Good Night, And Good Luck Review

Good Night, And Good Luck
America, 1953. Planning their CBS news show See It Now, hack Ed Murrow (Strathairn) and producer Fred Friendly (Clooney) hit on a combustible story: the sacking of a “Commie” Navy pilot without trial or justification. With pitbull tenacity, Murrow and co.

by Simon Crook |
Published on
Release Date:

17 Feb 2006

Running Time:

93 minutes

Certificate:

PG

Original Title:

Good Night, And Good Luck

You can take the man out of TV, but you can’t take the TV out of the man. Granted, we’re all children of the gogglebox, but in the case of George Clooney, the holding glare of the tube shines stronger than most. Clooney’s dad, Nick, was a news anchor for some 30 years; George was five when he wobbled onto his first studio floor. Even before E. R., there was a strong cathode content fizzing in those genes.

Clooney’s directorial debut, Confessions Of A Dangerous Mind, was a gregarious if over-styled assault on trash TV. This, his second shout through the megaphone, recreates a key moment from the medium’s golden era — journalist Ed Murrow’s dogged pursuit of witchfinder general, Joseph McCarthy. Curiously, both movies make the same point: that TV has a duty beyond its zombifying power to distract, delude and isolate. Otherwise, there’s no comparison. By any director’s standards, this is superior filmmaking.

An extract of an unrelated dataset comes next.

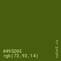 Цвет #495D0E в цветовой модели RGB обозначается тремя октетами (73, 93, 14) в десятичном формате и #495D0E в шестнадцатиричном (hex) формате, которые являются интенсивностью красного 73 (hex 49), интенсивность зелёного 93 (hex 5D) и интенсивность синего 14 (hex 0E).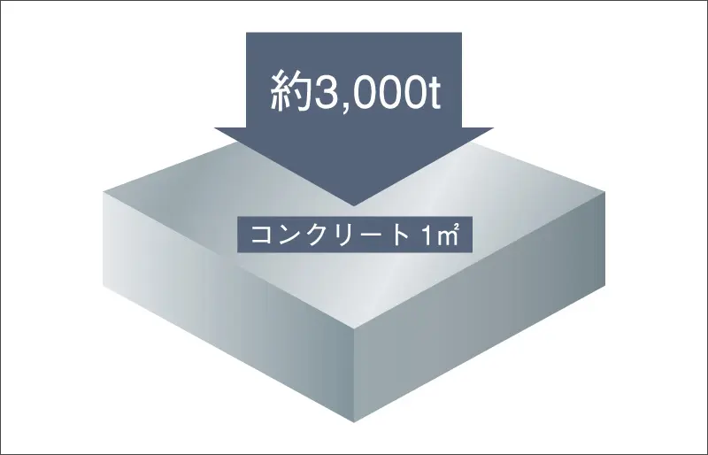 約30N/㎟以上の設計基準強度を持つ高い強度のコンクリートを採用。1㎡あたり約3,000tの圧縮に耐えられる強度です。※一部除く。

Employing a monochrome palette that’s heavy on the shadows and evocative jazz interludes that act as both mood barometer and Greek chorus, the movie’s sense of a nation reduced to a sustained paranoid twitch is artfully realised. Period films often fall for the trappings of sentiment and nostalgia — not here. Clooney plays out the drama with a very modern urgency, bottling the buzz of an under-siege ’50s newsroom through quickfire improvologue before settling into a deep-pressured slow-burn. The principal action takes place in a darkened TV studio lit like a bunker, and for good reason: this is, after all, war.

Murrow clearly liked a good fight — during World War II, he risked his neck reporting from the rooftops in the thick of London’s Blitz. Still, his war of words with McCarthy took true nerve, because he had more to lose than just his life.

In a climate where freedom of speech was killed by fear, if McCarthy targeted you as a “Red”, “Commie” or even a socialist, it was instant guilt by association. It wasn’t just you who was sunk — it was your colleagues, your friends, your family (rather than face allegations, one character here sees suicide as the only available option).

Which leads us to the movie’s most gripping moments: the screened showdowns between Murrow and McCarthy. Murrow — a deadpan, enigmatic Strathairn — calls for tolerance and candour. McCarthy, typically, settles for insults, tarring Murrow “the cleverest of the jackal pack”. Well, better a jackal than a Neanderthal. Tempting as it must have been to cast a McCarthy, the decision to go with archive footage is an excellent one. Not only does it lend a documentary edge to proceedings, it also exposes the hectoring senator for what he was: a ham, a bully, a coward and a thug. History’s already judged him and, figuring history has a nasty habit of repeating itself, Clooney condemns him all over again. Given that a certain George W. has inherited that not-so-great US tradition of passing the buck (a McCarthy speciality), you’d be hard-pressed to call Good Night’s concerns redundant.

The film isn’t without its bumps. This is a microcosm-of-a-moment movie, and character development simply doesn’t come with the territory. Strathairn withstanding, the support feels script-sketched, if not reduced to thematic ciphers (Downey Jr. and Clarkson’s clandestine marriage is used solely to reflect the era’s aura of nervy secrecy). They get your respect alright; just don’t expect any emotional air-punching. Then again, it’s apparent Clooney doesn’t want to leave you with that cosy Ron Howard feeling. He wants to leave you stimulated, talkative and, perhaps, a little combative about the current state of our corporate-badged media. A second viewing certainly promises further rewards.

Provocative, principled and richly detailed, this is compelling stuff. Emotionally it’s a little dry, but as brain-food, it’s absolutely invigorating. George done good.